Laboratory experiments and numerical simulation validate the EOR efficiency of inter-fracture water flooding in tight reservoirs, which is found to be better than those of huff-n-puff and well-to-well flooding [27]. Moreover, gas injection is superior to water injection in terms of EOR in tight reservoirs [28]. A large number of laboratory experimental studies have demonstrated that the injection of CO2, gaseous hydrocarbons, and N2 into tight reservoirs can effectively improve the physical properties of crude oil, promote the volume expansion of crude oil, increase reservoir pressure, and reduce fluid viscosity and flow resistance [29,30,31]. CO2 has a higher expansion coefficient and lower miscible pressure [32]. It reduces the interaction energy between fluids and pore walls, resulting in reduced adsorption onto the rock skeleton and significant increases in the diffusion coefficients of each component of the fluids [33]. Consequently, crude oil in pores is replaced with the injected CO2. The mechanisms of nitrogen-based EOR include reducing the viscosity and density of formation oil and improving formation oil flow ability [34]. The EOR mechanisms of natural gas-based EOR include gas dissolution and viscosity reduction [16]. Injected natural gas is miscible with heavy oil, which reduces reservoir plugging, due to the precipitation of heavy components [35].
At present, the research on inter-fracture flooding is mostly limited to inter-fracture water flooding [36], and studies on inter-fracture gas flooding are rarely reported, except for a few exploratory studies based on ideal models [28,37]. In order to investigate the EOR effect of inter-fracture gas flooding in tight reservoirs, a numerical simulation was performed on the reservoir model of the Yuan 284 block of the Changqing Oilfield using the Eclipse300 compositional simulator.
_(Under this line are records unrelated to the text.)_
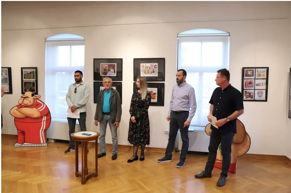
9. Nik Titanik „Kronika hrvatske gluposti“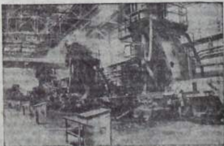
Кемеровская область. На Западно-Сибирском металлургическом заводе ширины 50 летия Октябрь вступил в строй комплекс среднесортного стана «450» мощностью 1.500.000 тонн проката в год. Стан сможет давать около 200 профилей проката. В ходе пуска валочных работ уже получено и отпущено потребителям свыше 30 тысяч тонн проката. На снимке: участок группы чистовых клетей среднесортного стана.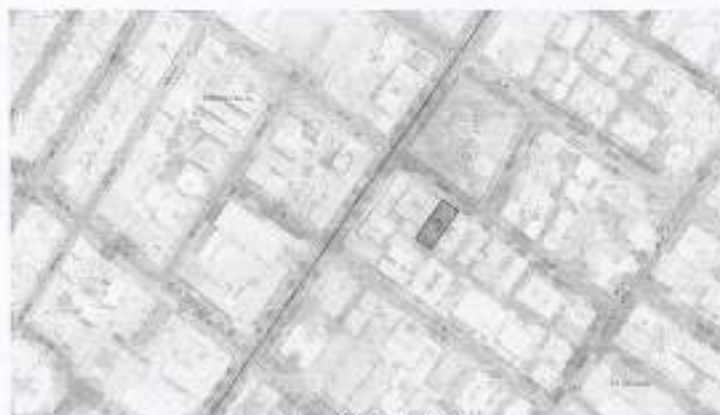
Calle 80 No. 10-43 Localización SINUPOT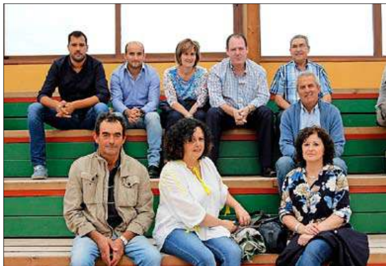
La 'familia' de la Peña Peñacastillo no faltó a la cita. / JOSÉ RAMÓN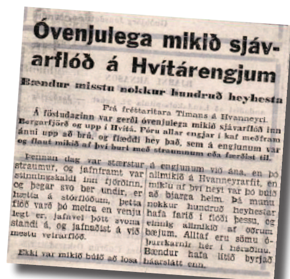
26. mynd: Frétt í Tímanum, þriðjudaginn 23. ágúst 1955.

Á föstudaginn var gerði óvenjulega mikið sjávarflóð inn Borgarfjörð og upp í Hvítá. Fóru allar engjar á kaf meðfram ánni upp að brú, og flæddi hey það, sem á engjunum var og flaut mikið af því burt með straumnum eða færðist til.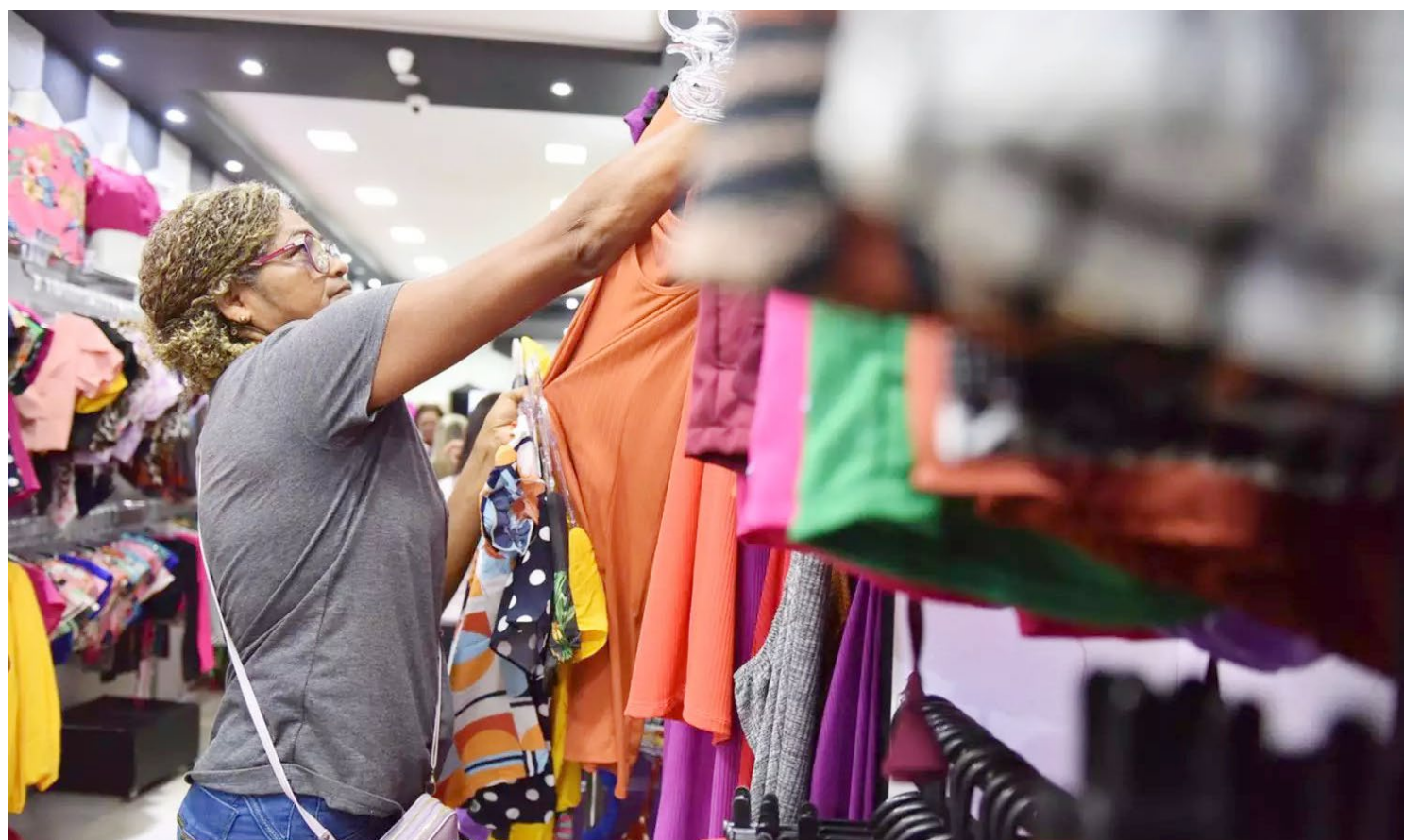
Para participar dos sorteio de prêmios, consumidores devem exigir o cupom na hora da compra

Considerada a segunda melhor data para o comércio depois do Natal, o Dia das Mães, que este ano será celebrado no dia 11 de maio, vem gerando muita expectativa para os lojistas da cidade.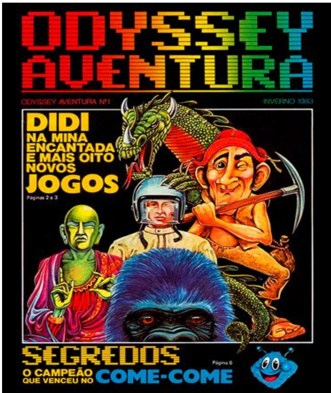
Figura 1- edição da revista “Odyssey Aventura” n°1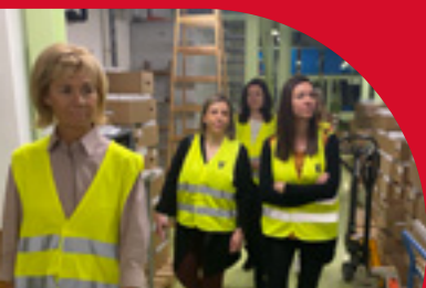
Besuch des Logistikzentrums Wien des Kooperations- partners Herba Chemosan Apotheker-AG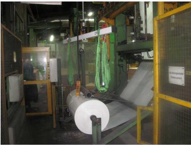
Kran zum Folienwechseln an der Verpackungslinie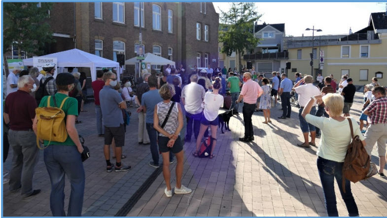
Podiumsdiskussion in Bornheim auf dem Peter-Fryns-Platz zur Kommunalwahl 2020

Wir wollen, dass Bornheim die Klimathematik höchste Priorität einräumt. Als Vorreiter könnte unsere Kommune wichtige Pionierarbeit leisten und so Vorbild für andere Städte und Gemeinden werden, sowie sich einen wirtschaftlichen Vorsprung verschaffen. Dazu haben wir bereits zu Podiumsdiskussionen, Protesten und Demonstrationen eingeladen und waren mit lokalen Parteien und Politiker*innen im Gespräch.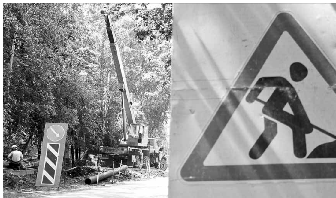
Первый этап опрессовок заставил коммунальщиков вернуться на ул. Шиловскую, где минувшей весной завершились работы по замене труб отопления возле домов № 12, 16. Новые порывы рабочие СТК вынуждены устранять рядом со следующим домом – № 18.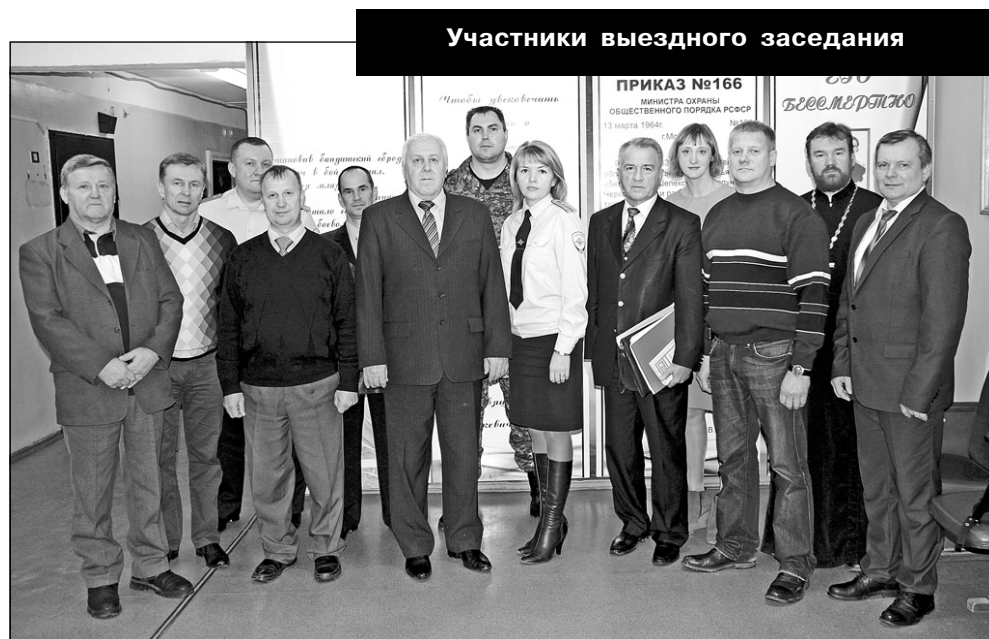
Участники выездного заседания

Firstly, the EOR performances of the depletion recovery, gas injection huff-n-puff, and inter-fracture gas flooding were compared to define the most suitable EOR method for tight reservoirs. Then, the numerical simulations of N2, CO2, and natural gas injection gas were carried out to characterize the EOR performance of inter-fracture gas flooding in cases of different injection media and hence to identify the most suitable one. Finally, the parameters of the inter-fracture gas flooding were optimized. The findings of this research provide practical support for the efficient implementation of gas injection in tight reservoirs and vital guidance for the field development of the Yuan 284 block.

2. Modeling

2.1. Basic Parameters

The basic parameters of the reservoir mainly include the formation pressure; compressibility of rock, water, and crude oil; and properties of oil, gas, and water in the original reservoir state. The basic properties of reservoir are shown in Table 1.

2.2. Geological Model

A geological model was built based on the physical properties of the Chang-63 reservoir in the Yuan 284-Li 70 well district, Huaqing Oilfield (of the Changqing Oilfield). The grids were 25 m × 25 m, and the total grid number amounted to 20915. The local grid refinement (LGR) was performed to simulate the artificial fracture networks of horizontal wells. The width of a single artificial fracture was 5 m, and the simulated fracture porosity was 20%. The designed fracture permeability was 10 mD, and matrix permeability was 0.58 mD when the local mesh was refined. The porosity was 11.9%, and the oil saturation was 56%. The geological model also incorporated the actual well configurations and multi-stage fracturing practice of well groups QP49 and QP50. The horizontal wellbore lengths were 440 m and 450 m, and the fracture spacing was 50 m. The two wells were fractured in the field, alternating between 50 m and 75 m half-fracture lengths, and the real fracturing data were taken into account in the design of the geological model. The well-controlled reserves in this paper were calculated according to the area controlled by fractures. The total control reservoir of the two wells was 3,168,000 m3, and the original oil content was 211,116 m3. The geological model is shown in Figure 1.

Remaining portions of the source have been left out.